As usual, Wile E. Coyote (Hard-headipus ravenus) has gone in pursuit of The Road Runner (Speedipus Rex). The title shows just before the Coyote gains on the Road Runner. He lunges, leaping and grabbing his quarry by the throat. A two-second wrestling match follows, with both combatants in a round ball rolling down the road from the force of their running, but Wile E. emerges "holding" only a smoke outline of the bird. The confused Coyote looks in his hands just as the Road Runner speeds up behind Wile E. He beeps, sending the Coyote flying through the air and leaves him hanging on a telephone pole. When he slides back down, the Road Runner beeps again, sending not only Wile E. in the air, but also the telephone pole, which escapes Wile E.'s grip. He then looks relieved, but because of the power lines, the pole zooms back to Wile E. and drives him into the ground. He then comes out of a nearby manhole, flattened and humiliated. Of course, there is nothing left to do but plan more schemes.

1. First, the Coyote goes simple by waiting behind a rock face, and when he hears the "beep-beep" of the Road Runner, he jumps out into the middle of the road, only to be flattened by an approaching truck.

2. Next, the Coyote sets up a rope and rock trap, but when he pulls the string, he ends up squashing himself (but not his feet).

3. The Coyote now places dynamite in a tunnel under the road, but as he goes deeper into the tunnel, the detonator handle pushes down further, and eventually the dynamite explodes on the Coyote.

4. Now, the Coyote uses an Acme Christmas Packaging Machine. He puts it in a pit with a sign that says "DETOUR". The Coyote snickers gleefully, but then the Road Runner, as expected, pops up behind the Coyote and beeps. The startled Coyote leaps in the air and into the Christmas Packaging Machine. The result is a neatly packaged Wile E. Coyote. Humiliated, the boxed Coyote tiptoes off the screen.

5. This time, the Coyote uses dynamite on a fishing line. When he hears the Road Runner, he jerks back the rod and prepares to cast the line. He jerks a bit too hard, however; the dynamite gets stuck in a cactus, and eventually, the Coyote gets wound around the cactus with the line when he tries to yank it free.

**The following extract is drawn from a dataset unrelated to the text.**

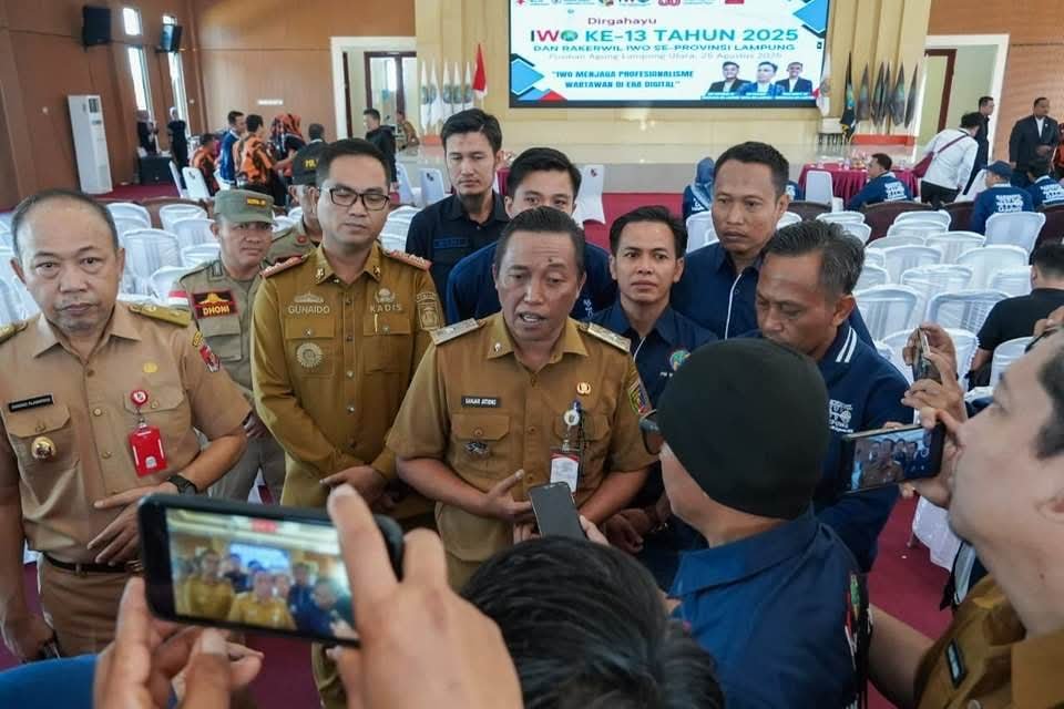 Pemerintah Provinsi Lampung menegaskan dukungan penuh terhadap peran media online sebagai pilar demokrasi. Hal itu disampaikan Gubernur Lampung Rahmat Mirzani Djausal yang diwakili oleh Kepala Dinas Komunikasi, Informatika, dan Statistik, Ganjar Jationo, saat membuka Rapat Kerja Wilayah Ikatan Wartawan Online (IWO) se-Provinsi Lampung di Pusiban Agung Lampung Utara, Senin (25/08/2025).

He then sees that the dynamite is about to go off, and tries to blow out the fuse, but instead makes it burn down faster, and it then explodes.

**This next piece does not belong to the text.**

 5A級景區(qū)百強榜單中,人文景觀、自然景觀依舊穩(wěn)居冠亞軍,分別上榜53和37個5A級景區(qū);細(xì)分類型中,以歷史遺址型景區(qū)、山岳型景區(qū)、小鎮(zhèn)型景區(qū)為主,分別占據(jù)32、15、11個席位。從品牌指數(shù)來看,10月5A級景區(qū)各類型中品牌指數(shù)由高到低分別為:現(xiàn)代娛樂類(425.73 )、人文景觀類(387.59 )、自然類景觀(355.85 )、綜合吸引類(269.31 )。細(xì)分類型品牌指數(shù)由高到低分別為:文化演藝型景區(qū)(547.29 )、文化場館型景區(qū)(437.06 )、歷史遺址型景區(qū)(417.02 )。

6. Finally, the Coyote scatters some Acme Earthquake Pills on the road, hoping that the Road Runner can mistake them for birdseed. The Road Runner obligingly eats them, but they have no effect as he zooms away. In disgust, the Coyote swallows an earthquake pill himself, and then even more disgustedly swallows all of the remaining pills. After jumping up and down several times in an attempt to trigger an earthquake, he contemptuously chucks the empty bottle over his shoulder, but immediately leaps after the bottle with bulging eyes to catch it before it shatters in the middle of the road. Wile E. is just in time to read the fine print at the bottom of the bottle's label: "Caution: Not effective on Road Runners". As soon as he sees this, he gulps nervously, now knowing what he faces. As he gingerly takes his first step to get out of the middle of the road, the product takes effect on him, causing him to shake, rattle and jerk helplessly across the landscape, getting flattened by a huge boulder and almost falling off a narrow rocky arch in the process. When the product finally wears off, the Coyote feels so relieved that he steps out without looking where he's going, and walks over a cliff's edge, falling to the ground. Just then the Road Runner sees the Coyote hit the ground and looks at the audience and then beeps once more and takes off, with the trail of smoke left behind him, forming the words "The End".

==Home media==
This short is available on the Looney Tunes Collector's Choice: Volume 4 Blu-ray.